▶ [What you should do]: Below this line are records; transcribe exactly the lines between the one holding "O Monitora Voto" and the one holding "Discover a stunningly", inclusive, and omit the pictures.

*** Block opens ***

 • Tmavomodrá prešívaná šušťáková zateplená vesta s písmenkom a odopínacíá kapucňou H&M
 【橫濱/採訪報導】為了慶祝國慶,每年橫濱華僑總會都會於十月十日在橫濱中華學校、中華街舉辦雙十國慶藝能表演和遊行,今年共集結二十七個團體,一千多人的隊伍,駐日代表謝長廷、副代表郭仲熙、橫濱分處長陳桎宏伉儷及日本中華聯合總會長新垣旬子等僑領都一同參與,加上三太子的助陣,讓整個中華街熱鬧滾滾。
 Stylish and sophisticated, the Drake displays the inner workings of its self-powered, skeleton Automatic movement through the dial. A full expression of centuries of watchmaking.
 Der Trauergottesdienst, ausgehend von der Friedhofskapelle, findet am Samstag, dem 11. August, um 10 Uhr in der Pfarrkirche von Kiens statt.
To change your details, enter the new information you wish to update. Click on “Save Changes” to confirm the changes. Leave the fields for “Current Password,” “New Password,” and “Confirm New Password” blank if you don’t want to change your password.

*** Block closes ***
*** Block opens ***

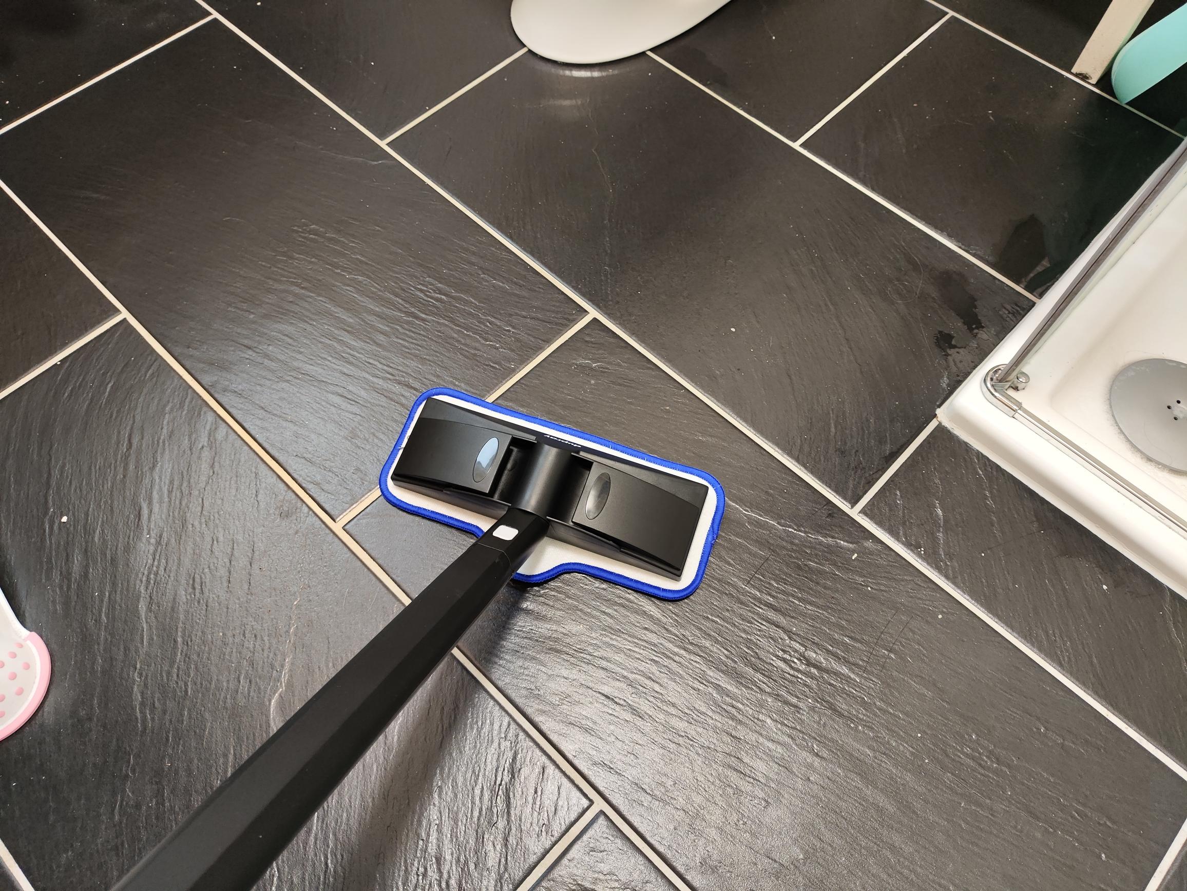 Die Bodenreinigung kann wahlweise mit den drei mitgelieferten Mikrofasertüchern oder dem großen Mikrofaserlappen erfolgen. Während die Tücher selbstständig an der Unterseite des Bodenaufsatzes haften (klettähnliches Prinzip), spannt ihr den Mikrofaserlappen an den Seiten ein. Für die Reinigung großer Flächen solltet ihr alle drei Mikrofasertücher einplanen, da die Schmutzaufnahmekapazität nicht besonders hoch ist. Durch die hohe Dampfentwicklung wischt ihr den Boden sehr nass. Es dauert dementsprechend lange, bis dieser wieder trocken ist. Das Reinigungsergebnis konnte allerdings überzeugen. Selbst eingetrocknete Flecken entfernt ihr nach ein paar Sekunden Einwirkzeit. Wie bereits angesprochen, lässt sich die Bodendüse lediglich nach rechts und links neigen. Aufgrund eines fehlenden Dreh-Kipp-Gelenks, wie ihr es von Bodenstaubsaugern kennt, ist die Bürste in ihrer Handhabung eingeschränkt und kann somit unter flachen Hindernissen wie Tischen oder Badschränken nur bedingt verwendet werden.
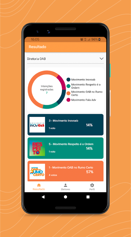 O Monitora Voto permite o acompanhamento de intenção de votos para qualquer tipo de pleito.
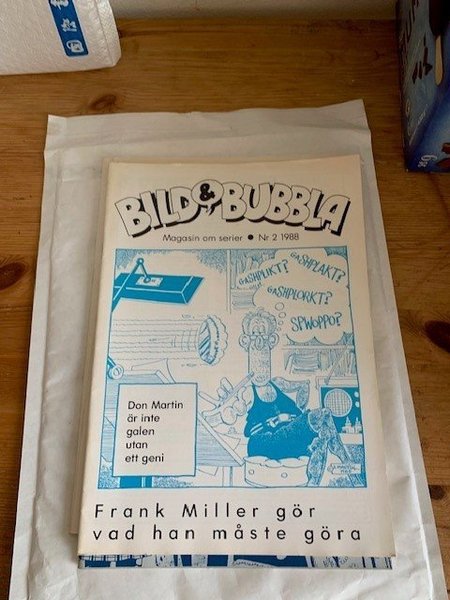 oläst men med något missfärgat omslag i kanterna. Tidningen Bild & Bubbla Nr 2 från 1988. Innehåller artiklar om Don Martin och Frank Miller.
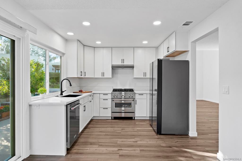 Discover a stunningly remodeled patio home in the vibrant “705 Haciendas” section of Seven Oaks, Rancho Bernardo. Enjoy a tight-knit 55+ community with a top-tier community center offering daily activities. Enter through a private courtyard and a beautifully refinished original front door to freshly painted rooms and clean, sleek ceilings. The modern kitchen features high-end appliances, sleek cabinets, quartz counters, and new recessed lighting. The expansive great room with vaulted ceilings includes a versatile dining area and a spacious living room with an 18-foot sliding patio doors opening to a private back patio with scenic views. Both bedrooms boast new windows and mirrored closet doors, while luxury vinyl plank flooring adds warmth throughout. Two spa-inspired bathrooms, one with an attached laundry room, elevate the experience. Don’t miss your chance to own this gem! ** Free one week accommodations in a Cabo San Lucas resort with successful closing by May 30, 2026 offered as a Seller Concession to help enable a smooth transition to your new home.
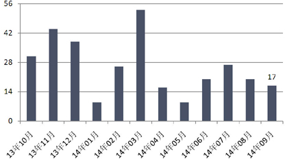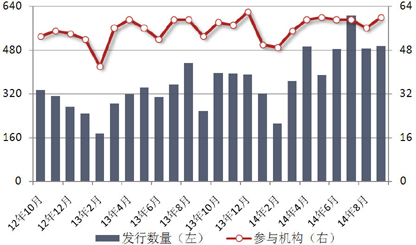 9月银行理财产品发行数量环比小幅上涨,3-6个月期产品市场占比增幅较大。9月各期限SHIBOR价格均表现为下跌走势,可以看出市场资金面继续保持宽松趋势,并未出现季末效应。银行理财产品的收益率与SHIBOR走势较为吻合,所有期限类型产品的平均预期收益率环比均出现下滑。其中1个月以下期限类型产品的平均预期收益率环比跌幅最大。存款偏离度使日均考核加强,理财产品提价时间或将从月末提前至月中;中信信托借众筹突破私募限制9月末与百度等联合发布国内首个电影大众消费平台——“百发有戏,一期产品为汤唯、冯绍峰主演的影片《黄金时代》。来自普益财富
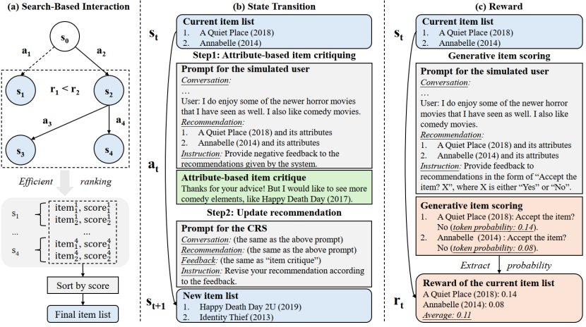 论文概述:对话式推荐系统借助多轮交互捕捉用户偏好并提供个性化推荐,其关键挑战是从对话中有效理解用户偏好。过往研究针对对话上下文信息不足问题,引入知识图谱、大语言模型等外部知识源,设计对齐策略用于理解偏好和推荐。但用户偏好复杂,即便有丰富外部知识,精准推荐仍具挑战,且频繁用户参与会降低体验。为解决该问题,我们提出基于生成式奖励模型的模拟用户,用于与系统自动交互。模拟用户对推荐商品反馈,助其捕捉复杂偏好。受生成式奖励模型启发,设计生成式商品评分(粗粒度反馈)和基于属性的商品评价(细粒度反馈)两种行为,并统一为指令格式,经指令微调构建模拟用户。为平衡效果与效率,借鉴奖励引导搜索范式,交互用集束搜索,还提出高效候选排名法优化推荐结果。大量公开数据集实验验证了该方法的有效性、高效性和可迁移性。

*** Block closes ***

▶ [Exercise answer]:
 O Monitora Voto permite o acompanhamento de intenção de votos para qualquer tipo de pleito.
 oläst men med något missfärgat omslag i kanterna. Tidningen Bild & Bubbla Nr 2 från 1988. Innehåller artiklar om Don Martin och Frank Miller.
 Discover a stunningly remodeled patio home in the vibrant “705 Haciendas” section of Seven Oaks, Rancho Bernardo. Enjoy a tight-knit 55+ community with a top-tier community center offering daily activities. Enter through a private courtyard and a beautifully refinished original front door to freshly painted rooms and clean, sleek ceilings. The modern kitchen features high-end appliances, sleek cabinets, quartz counters, and new recessed lighting. The expansive great room with vaulted ceilings includes a versatile dining area and a spacious living room with an 18-foot sliding patio doors opening to a private back patio with scenic views. Both bedrooms boast new windows and mirrored closet doors, while luxury vinyl plank flooring adds warmth throughout. Two spa-inspired bathrooms, one with an attached laundry room, elevate the experience. Don’t miss your chance to own this gem! ** Free one week accommodations in a Cabo San Lucas resort with successful closing by May 30, 2026 offered as a Seller Concession to help enable a smooth transition to your new home.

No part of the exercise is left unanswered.